To visualize data using the tSNE parameters:
- Double click on the gated population used to calculate tSNE (in the example provided, this is a Downsample Gate containing 10,000 events). This will open a graph window.
- Select tSNE 2/2 (X-axis) vs tSNE 1/2 (Y-axis) to view the reduced data space in the same orientation as the Create tSNE Parameters window displayed during the calculation.
- The default plot type is (depending on your preferences) Pseudocolor. Changing the display to a Contour Plot will reveal a content-like structure with peaks and valleys representing different densities of events at the plot location.
- A particularly useful plot type for exploring tSNE visualizations is the polychromatic plot. The polychromatic plot plot colors events in a plot based on the intensity of a selected parameter, or parameters. Up to three parameters can be used to create a spectrum of their interaction on any other parameters, including the tSNE parameters. Among the scaling options, ‘clustered’ is useful for tSNE plots as this choice will varying the coloring based on the detection of distinct clusters within the data, making these clusters stand out. In the figure below a polychromatic plot is shown on the right along with the parameter selection and color scaling pop-up menu. Note that the color triangle maps the intensity of the plotted events. In the ploychomatic plot the separation between CD4+ and CD8+ T-cells is defined by the blue and green coloring, while HLA-DR+ cells are colored red. Cells that are positive for multiple parameters color darker.
- Regardless of the plot type, gates can be drawn and subsets of events isolated based on their position within the reduced tSNE data space.
The Layout Editor
Overlays of gated populations with known phenotypes can be displayed in the dimensional reduced tSNE space using the Layout Editor, creating a graph similar to the overlay created within the Create tSNE Parameters window during calculation.
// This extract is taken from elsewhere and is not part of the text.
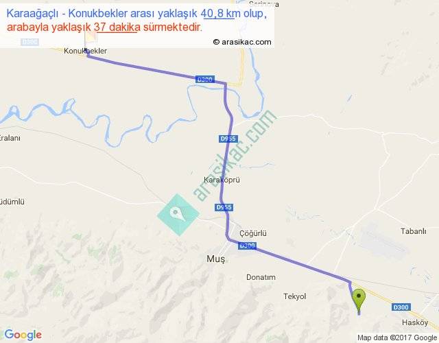 Karaağaçlı - Konukbekler arası yaklaşık olarak 90 km/h ile yukarıda belirtilen sürede olup, iki yerin kuş uçuşu uzaklığı (mesafesi) 33'dir. Yolculuk otobüsle 48 dakika sürmektedir.
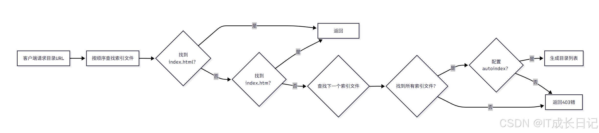 - 如果未找到索引文件且未配置autoindex,返回403错误

In the example below, we have taken the original Downsample Gate and overlaid CD3-DR+ (red) CD3+CD4+ (green) and CD3+CD8+ (red) gated subsets. Note the distinct separation of markers in different regions of the continent structure, and the resemblance to the polychromatic plot.
Overlays representing the variation in expression of a marker can be created in the Layout Editor. Start by constructing a series of range gates on a single marker histogram profile, then overlying those populations and modifying the plot colors to illustrate graded expression pattern across the tSNE continent.